Data Fusion add one table

Hello, I've encountered an issue in Data Fusion where in the Replication task, it's not possible to add a new table without stopping and recreating the task. Is this the correct behavior? Do I have to recreate the task, or are there other options available?

Solved Solved
2 1 115
1 ACCEPTED SOLUTION

Yes, you are correct. You cannot directly add new tables to an existing Replication job in Google Cloud Data Fusion without stopping and recreating the job. This is the current limitation of the Replication feature.

Here are the two options you can use if you need to add new tables to a Replication job:

1. Create a New Replication Job:

  • This is the most straightforward approach.
  • Create a new Replication job that includes the new tables you need to replicate.
  • It can be more manageable if you are adding a significant number of new tables.

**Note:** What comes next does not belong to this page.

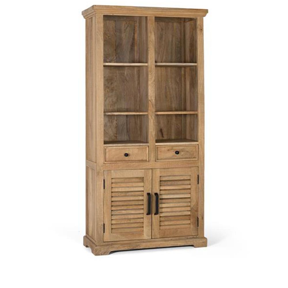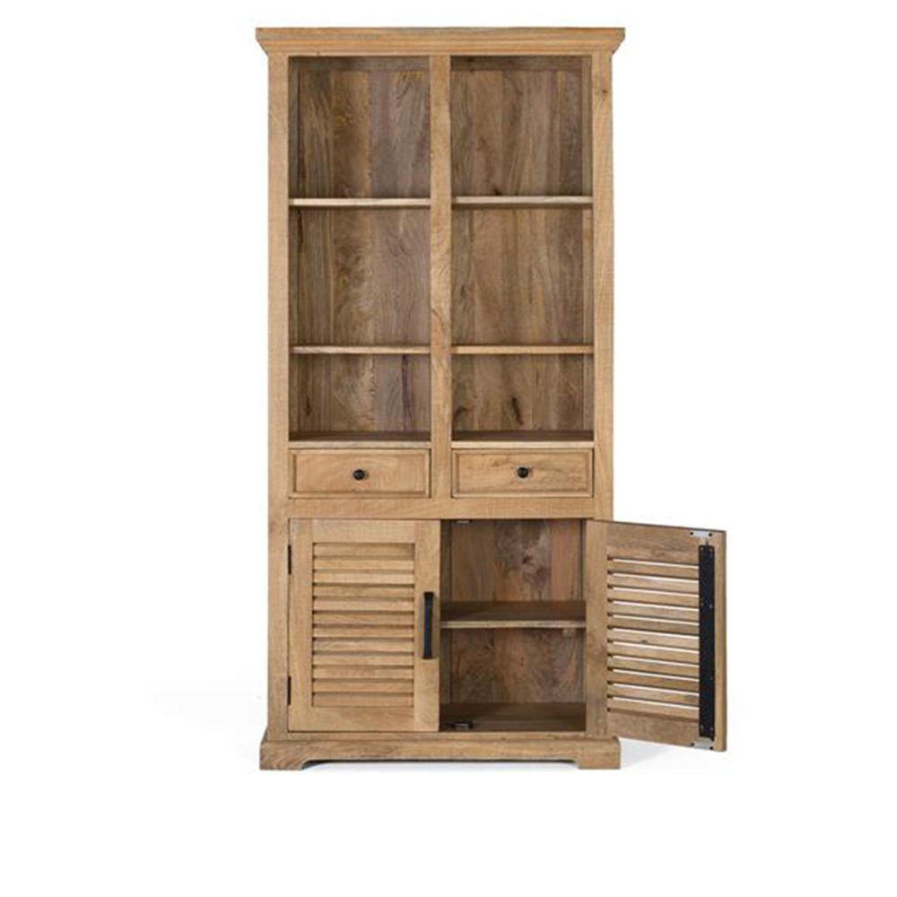 Jaylene Bookcase - Mango Wood - Louvered - with Cupboard

2. Stop and Duplicate the Existing Job:

  • Stop the currently running Replication job.
  • Create a duplicate of the job.
  • Modify the duplicated job to include the new tables.
  • Start the duplicated job.

Important to Consider:

  • Duplicate Jobs & Historical Data: If you duplicate a job, enabling the snapshot option will load all table data from scratch (historical load). This is recommended if you can't separate the jobs into different pipelines.
  • Overlapping Jobs: While it's tempting to create an overlap between the old and new jobs to avoid missing data,this is not recommended as it could still lead to data loss, especially with the historical data for the newly added tables.

Additional Tips:

  • Planning: If you anticipate adding tables to your Replication job frequently, plan your database structure and Replication configuration to make it easier to manage in the future.
  • Separate Pipelines: Consider splitting your Replication tasks into multiple pipelines if you need to manage tables from separate database schemas independently.
  • Static Dataproc Cluster: If running multiple replication jobs, you can potentially reduce compute costs by sharing a static Dataproc cluster between jobs (instead of each job using an ephemeral cluster). See more about this:https://cloud.google.com/data-fusion/docs/concepts/configure-clusters

Example Scenario:

Let's say you initially had a Replication job replicating Tables A and B. To add a new Table C, you would need to either:

  1. Create a new Replication job that includes Tables A, B, and C.
  2. Stop the existing job, duplicate it, add Table C, and start the new job.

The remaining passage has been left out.